- _Exercise_: Leave the pictures out. Retype exactly the lines below from the one containing "2年保証 RYON ISSEIKI" through the one containing "Art Deco-style birch", and no others.

Data items:
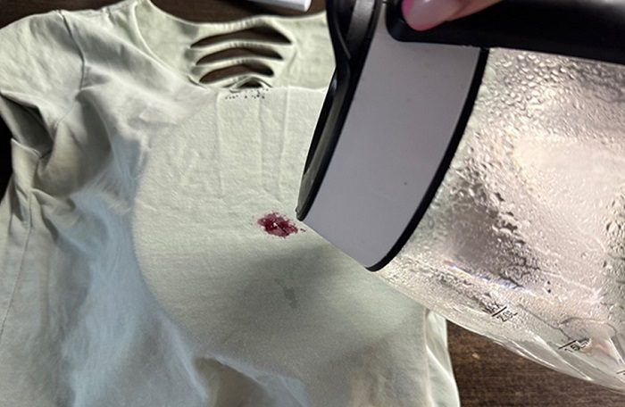 К счастью, есть эффективный способ, который поможет справиться с проблемой – нужно лишь залить пятна кипятком. Ягодный сок содержит водорастворимые пигменты, которые легко разрушаются под влиянием высоком температуры. Когда вы заливаете вещь кипятком, он растворяет эти пигменты и выводит их из ткани. Важно лишь, чтобы пятна были свежими – с застарелыми горячая вода не справится.
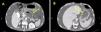 Tomografía espiral multicorte de abdomen con contraste. A: Colección pancreática de menor volumen en relación a imágenes previas. B: Cámara gástrica con adecuada distensión.
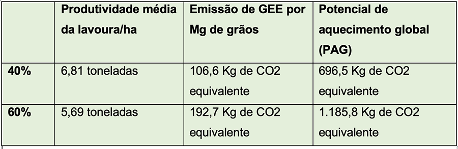 Já o pico de emissão de óxido nitroso foi atingido quando a reposição de água foi feita após o uso de 60% da CAD (5,69 toneladas por hectare), resultando no maior Potencial de Aquecimento Global (PAG) —1.185,8 quilos de CO2 equivalente, (ver tabela abaixo). Em comparação, o tratamento de 40% emitiu quase metade GEEs (-41,3%), ao mesmo tempo em que registrou quase 20% a mais de produtividade.
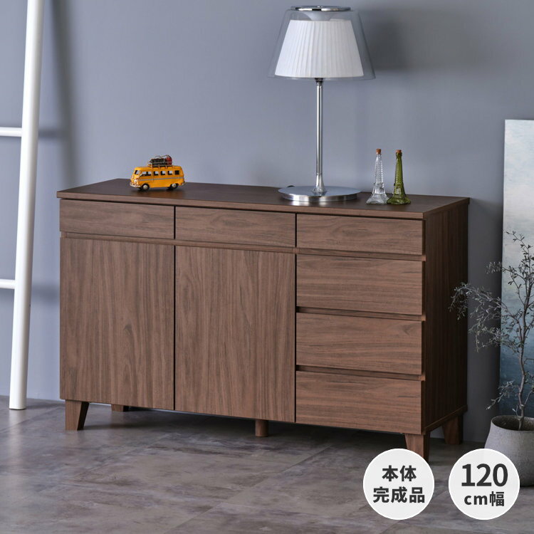 | 収納 収納家具 リビング サイドボード キャビネット ロータイプ リビングボード チェスト たんす 寝室 北欧 引き出し 壁面収納風 木製 ミディアムブラウン 幅120 2年保証 RYON ISSEIKI
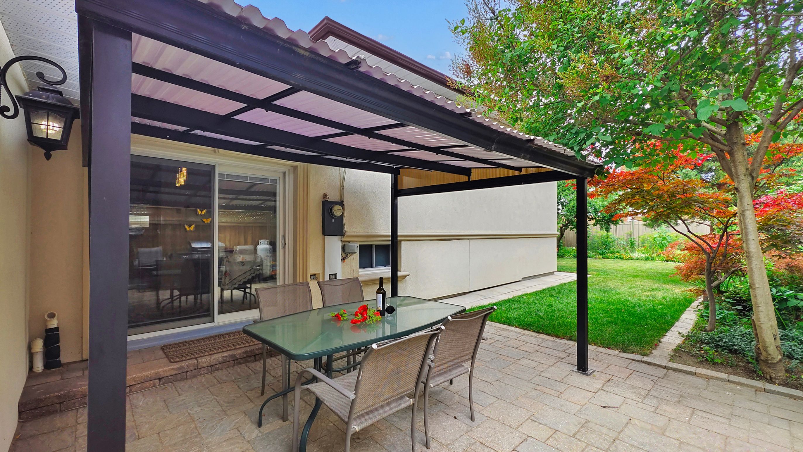 • Private backyard oasis with mature landscaping for relaxation and gatherings.
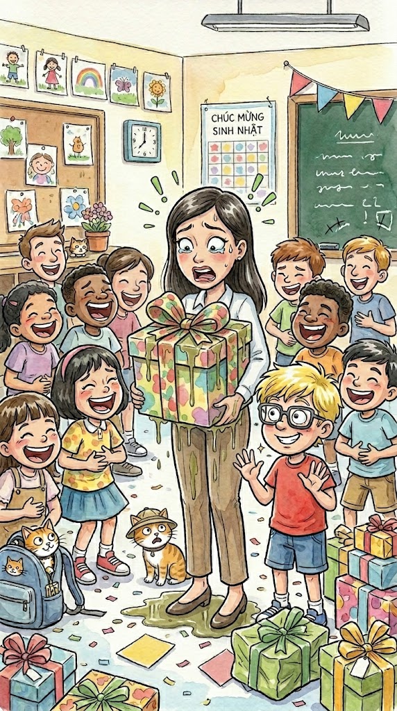 A kindergarten instructor is having her birthday and three of her college students determined to convey her a present.
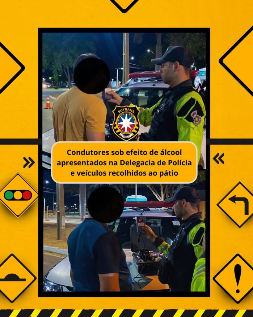 • Condutores sob efeito de álcool apresentados na Delegacia de Polícia e veículos recolhidos ao pátio;
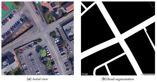 An example of (a) Google Maps aerial view of a suburban land area, and (b) the corresponding road segmentation.
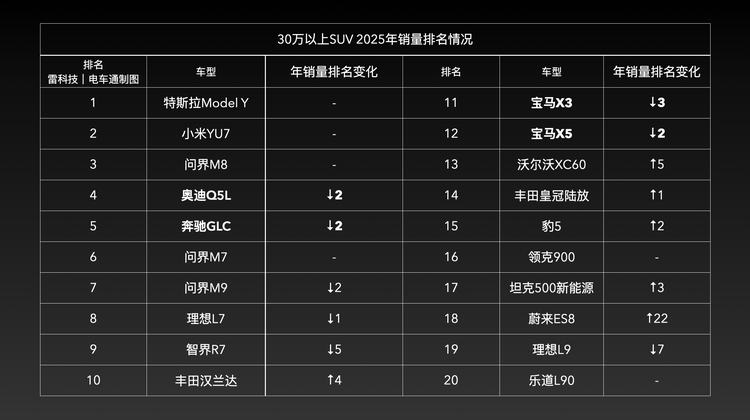 回看去年30万以上SUV战场:奥迪Q5L、奔驰GLC、宝马X3/X5这些老牌贵族节节败退;而对面,小米YU7、问界M8、 蔚来ES8(参数|询价)等新贵正集体冲高。
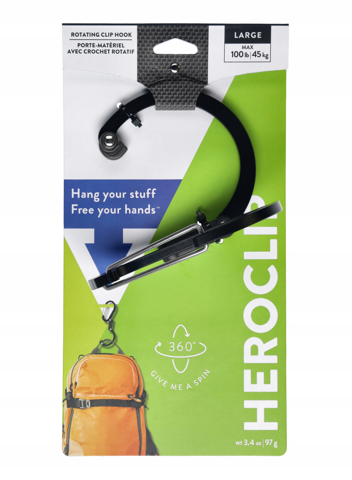 Тримач GearAid HEROCLIP® L походить із нової лінії, розробленої для підвищення функціональності під час подорожі чи кемпінгу. Це також найбільший і найміцніший аксесуар із характерною структурою, що нагадує карабін, і використовується для підвішування більш важкого обладнання, такого як велосипеди, байдарки, ліхтарі чи туристичні холодильники.
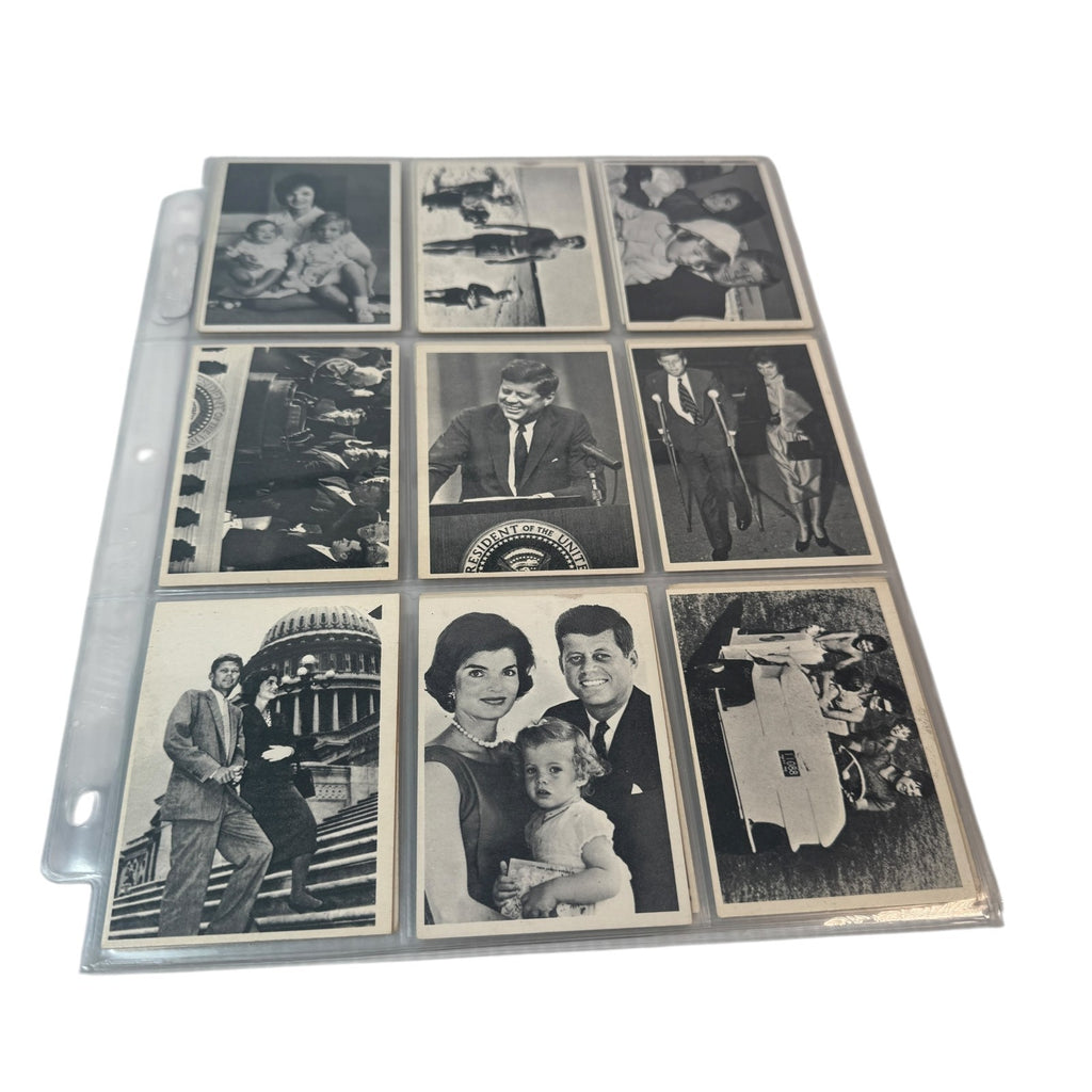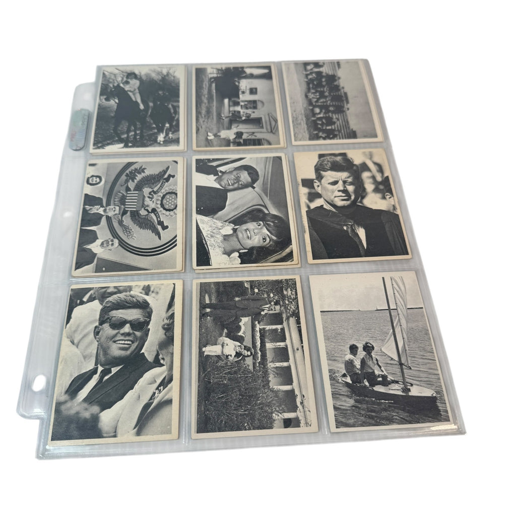 This is a complete set of 77 original Topps trading cards from the 1964 "The Story of John F. Kennedy" JFK collection. These standard-sized cards are made of card stock and feature images and information about John F. Kennedy and his presidency. The set includes cards that specifically focus on JFK and the political and historical significance of JFK's time in office. These vintage trading cards offer a unique glimpse into the United States during the 1960s and are a must-have for collectors of political memorabilia.
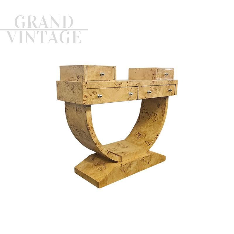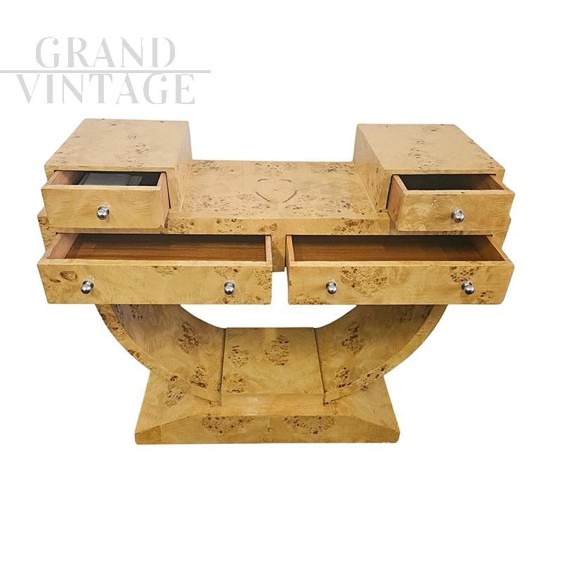 Art Deco-style birch briar console table with a cup-shaped shape and four drawers.
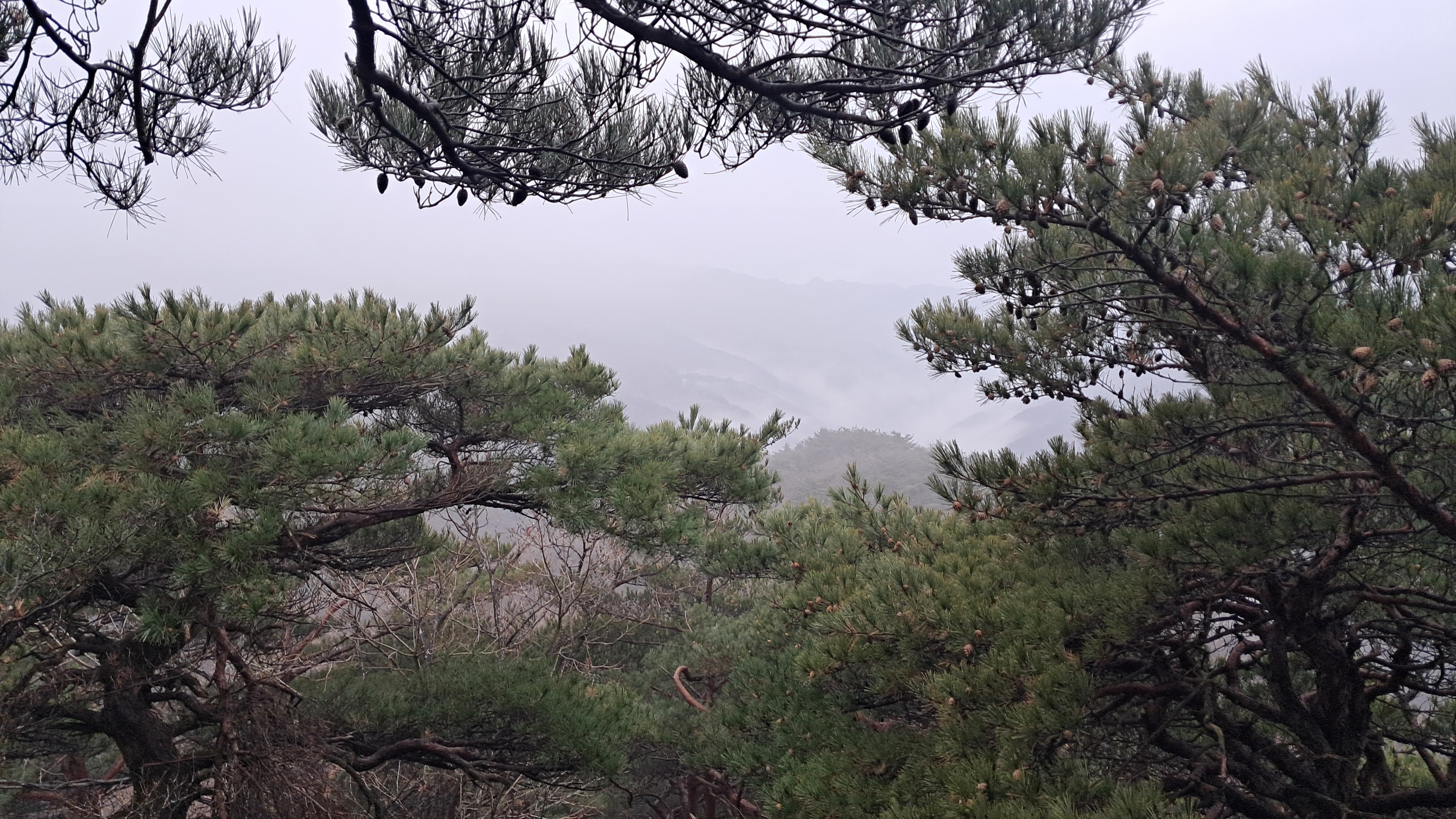 배나무산정상을 너머 오정산까지 가신다는 악수님을 먼저 보내드리고 둘이서 천천히 내려가니 단산계곡쪽으로 나무가지사이로 멋진 풍경이 보기 시작한다. 조금 더 진행하니 전망대가 나오고 입이 떡벌어지는 절경이 눈에 들어온다. 보통 비가와도 보기 힘든 구름과 안개와 산들이 만들어낸 절경을 악수님이 바라보면서 우리를 기다리고 있다. 더불어 맘껏 절경을 눈에 담고 부운령으로 내려서니 이곳에도 나무데크전망대를 만들어 놓았다. 점촌방향으로 조금전보다는 못하지만 멋진 풍경을 만들어내고 있다.

- _Task response_:
 | 収納 収納家具 リビング サイドボード キャビネット ロータイプ リビングボード チェスト たんす 寝室 北欧 引き出し 壁面収納風 木製 ミディアムブラウン 幅120 2年保証 RYON ISSEIKI
 • Private backyard oasis with mature landscaping for relaxation and gatherings.
 A kindergarten instructor is having her birthday and three of her college students determined to convey her a present.
 • Condutores sob efeito de álcool apresentados na Delegacia de Polícia e veículos recolhidos ao pátio;
 An example of (a) Google Maps aerial view of a suburban land area, and (b) the corresponding road segmentation.
 回看去年30万以上SUV战场:奥迪Q5L、奔驰GLC、宝马X3/X5这些老牌贵族节节败退;而对面,小米YU7、问界M8、 蔚来ES8(参数|询价)等新贵正集体冲高。
 Тримач GearAid HEROCLIP® L походить із нової лінії, розробленої для підвищення функціональності під час подорожі чи кемпінгу. Це також найбільший і найміцніший аксесуар із характерною структурою, що нагадує карабін, і використовується для підвішування більш важкого обладнання, такого як велосипеди, байдарки, ліхтарі чи туристичні холодильники.
 This is a complete set of 77 original Topps trading cards from the 1964 "The Story of John F. Kennedy" JFK collection. These standard-sized cards are made of card stock and feature images and information about John F. Kennedy and his presidency. The set includes cards that specifically focus on JFK and the political and historical significance of JFK's time in office. These vintage trading cards offer a unique glimpse into the United States during the 1960s and are a must-have for collectors of political memorabilia.
 Art Deco-style birch briar console table with a cup-shaped shape and four drawers.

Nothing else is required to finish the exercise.